Given records section start

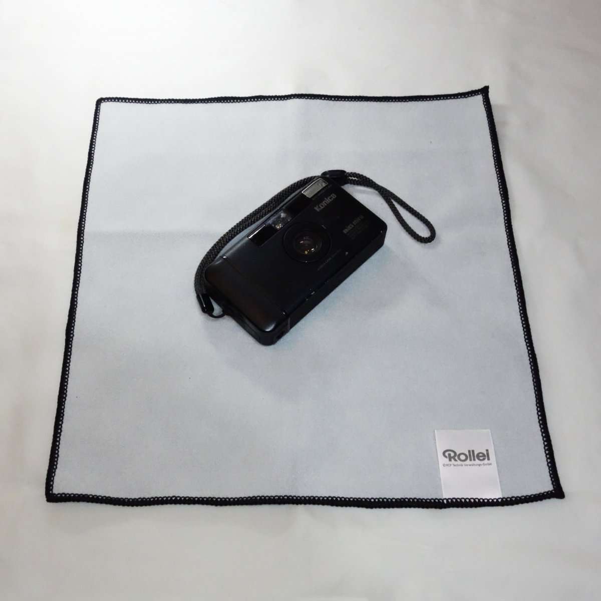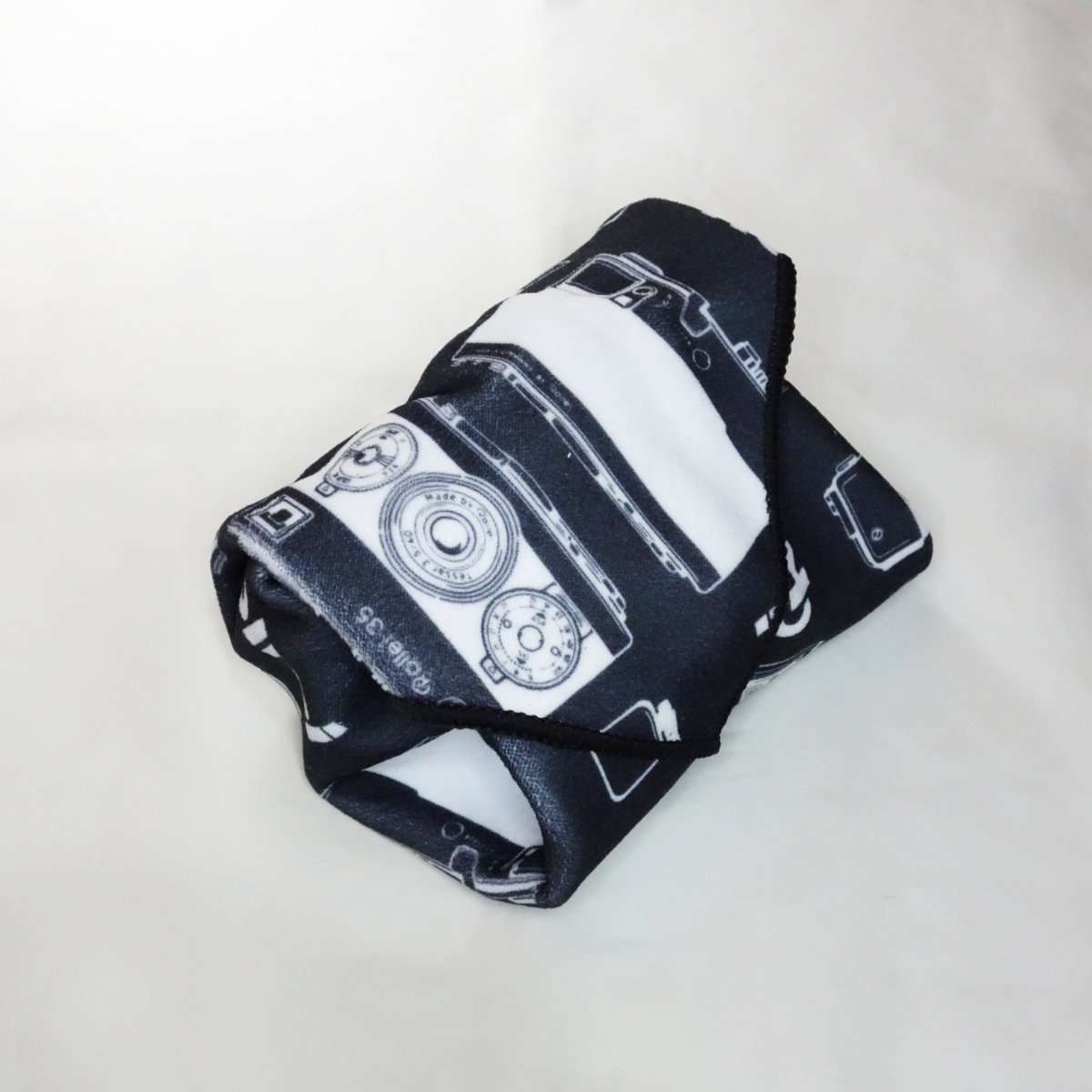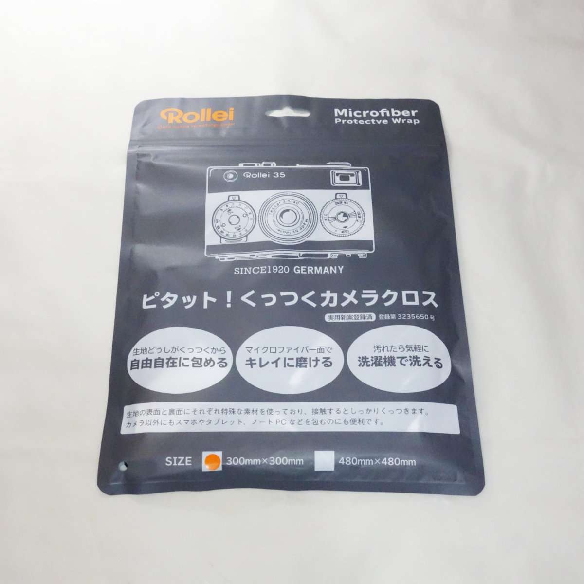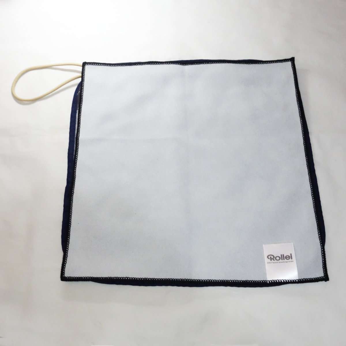 まず最初にローライ35がプリントされたコンパクトカメラ用ポーチのグレー(RL-015-LG)とカメララップのサイズ30cm x 30cm(RL-012M-BK)です。Rolleiflex柄のグッズもありますが、使用されたのが露出計内蔵のモデルでセレン部分がイラストになっていたためローライ35の方を選びました。ポーチは首からかけられるシンプルなもので、カメララップはピタット!くっつくカメラクロスの表記通りに紐やゴムがなくてもラップクロス同士がくっつく面白い作りです。
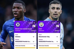 羅德里(曼城):射門0.6次、創造機會1.7次、搶斷2.6次,成功過人0.5次、地面對抗成功率77.78%、成功對抗6.9次,空中對抗成功率63.21%,攔截1次、奪回球權6.6次
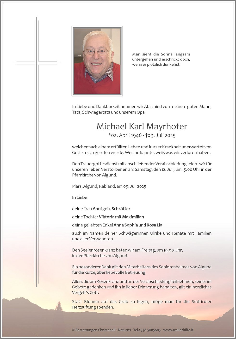 Den Trauergottesdienst mit anschließender Verabschiedung feiern wir für unseren lieben Verstorbenen am Samstag, den 12. Juli, um 15.00 Uhr in der Pfarrkirche von Algund.
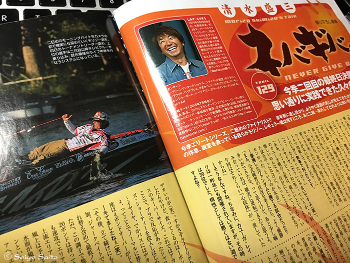 内外出版社さんから発行のルアーマガジン9月号 盛三選手のネバギバのページでカユーガ戦2日目の フィッシュキャッチの写真を提供させていただきました
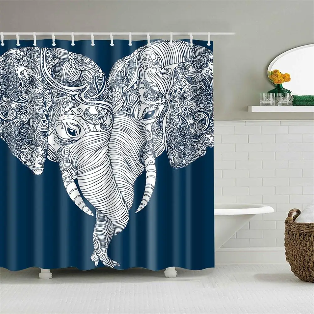 Dafield занавеска для душа с изображением слона, тематическая любовь, ванная комната, занавеска для ванной, белая и темно-синяя занавеска для душа с изображением слона
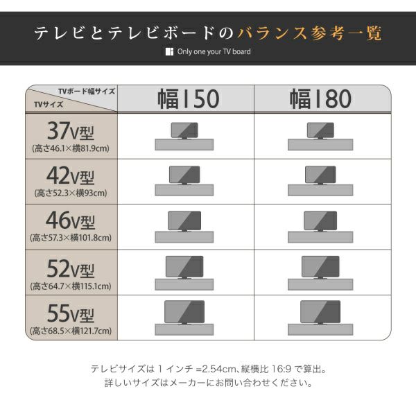 幅150 幅180 テレビとテレビボードのバランス参考一覧

Given records section end

**What you have to do**
Once you find the line containing "Dafield занавеска для", retype it and every line after it through the last line of the records above, exactly. Add nothing else, and leave out the pictures.

**Response area**
 Dafield занавеска для душа с изображением слона, тематическая любовь, ванная комната, занавеска для ванной, белая и темно-синяя занавеска для душа с изображением слона
 幅150 幅180 テレビとテレビボードのバランス参考一覧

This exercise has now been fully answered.